Welcome to CB! Glad to have you here. Feel free to look around. Do not hesitate to jump in and start posting. Be sure to check out the Wiki. Enjoy!

~Dave


----------



## WestlakeTech (Jul 2, 2009)

Welcome. 

I just graduated high school and was very involved in Tech Theatre. Hope to teach it myself someday, after I get some hands-on field experience stage managing.


----------



## milan (Sep 8, 2013)

Teaching the tech theatre side is a challenging and interesting job. I recently got into that myself and feel like shop teacher. I have noticed, with our program, the students can build shows, run shows, and do shop projects. So I've kind of restarted my own shop program. I'm very paranoid about safety though so I try to keep a tight leash on the students. Our school is different as well. We generally only have 11th and 12th graders on campus. The younger high schoolers are in a different building and cross the street. So most students don't even know my shop exsists until they get on campus their junior year. This year they are building and painting 3 sets, build some fold-able sawhorses, a paint-sink shelf, and some projects (bird-house, cutting board, etc.)


----------



## MPowers (Sep 8, 2013)

PM me direct. I'll offer what help I can.


----------



## TheaterEd (Sep 10, 2013)

I've been working for High schools for 3 years now and am teaching my first tech theater class myself this year.

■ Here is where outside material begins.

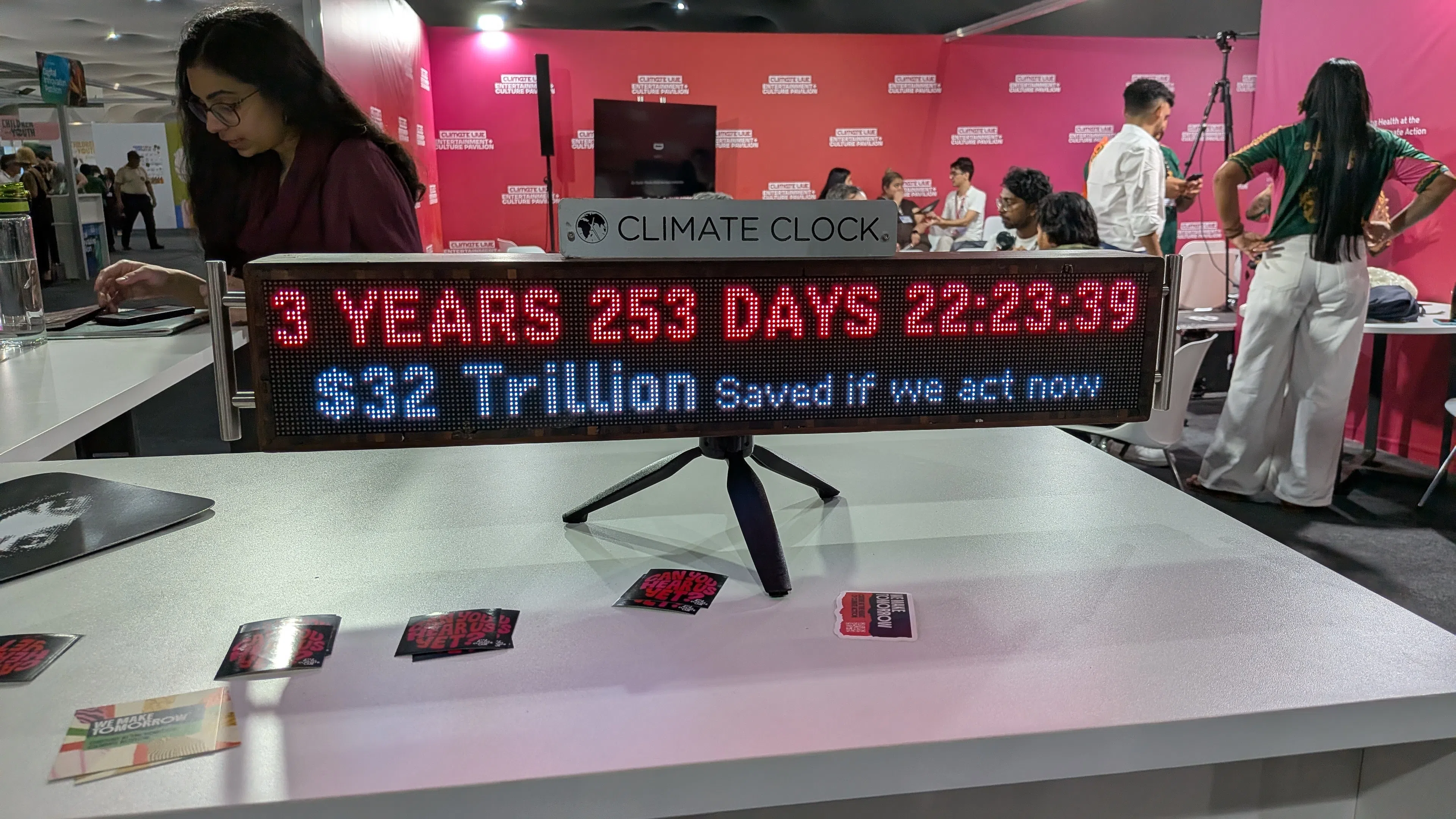 A clock at the Climate Live Entertainment + Culture pavilion that counts down to the time left to limit global warming.

I'm looking into setting up some sort of shared Google Drive for people to exchange lesson plans. I hope to have it up and going in the next month or so. I will post more information in the education forum if it takes off.


----------



## Kelite (Sep 13, 2013)

Congrats, TheaterEd!

Looking forward to seeing a few pictures of the theatrical lineup out your way. Please keep us posted!


----------



## Billizfun2 (Sep 18, 2013)

For anyone in New York, what "credentials" are needed to "teach" Theater Tech?? I am a long time TD for the local school and soon to be the TM, but there is no Tech Crew. When the do auditions, its always for roles or 'back stage crew hand'... never do they see a point for acquiring an actual Tech Crew. I'm pushing 40 and would really like to have the younger generation take over so I can sit back (grow more grey hair) and watch. But I don't have a teaching degree (or ANY degree for that matter) and someone once said if I had at least a Associates in Liberal Arts then that could qualify me to be a 'Teacher's Assistant', or some sort... pushing me up to the higher hourly wage anyways! But I need this "Teacher's Assistant" position in order to actually "teach" these kids 'something' about running lights, sound, and rigging. Also, the area schools that have theater don't even have a TD... they rely solely on pre-programmed cues and lighting positions to run their shows. Sad, but true. I was looking into visiting each school once a week to "teach" and/or train on the systems.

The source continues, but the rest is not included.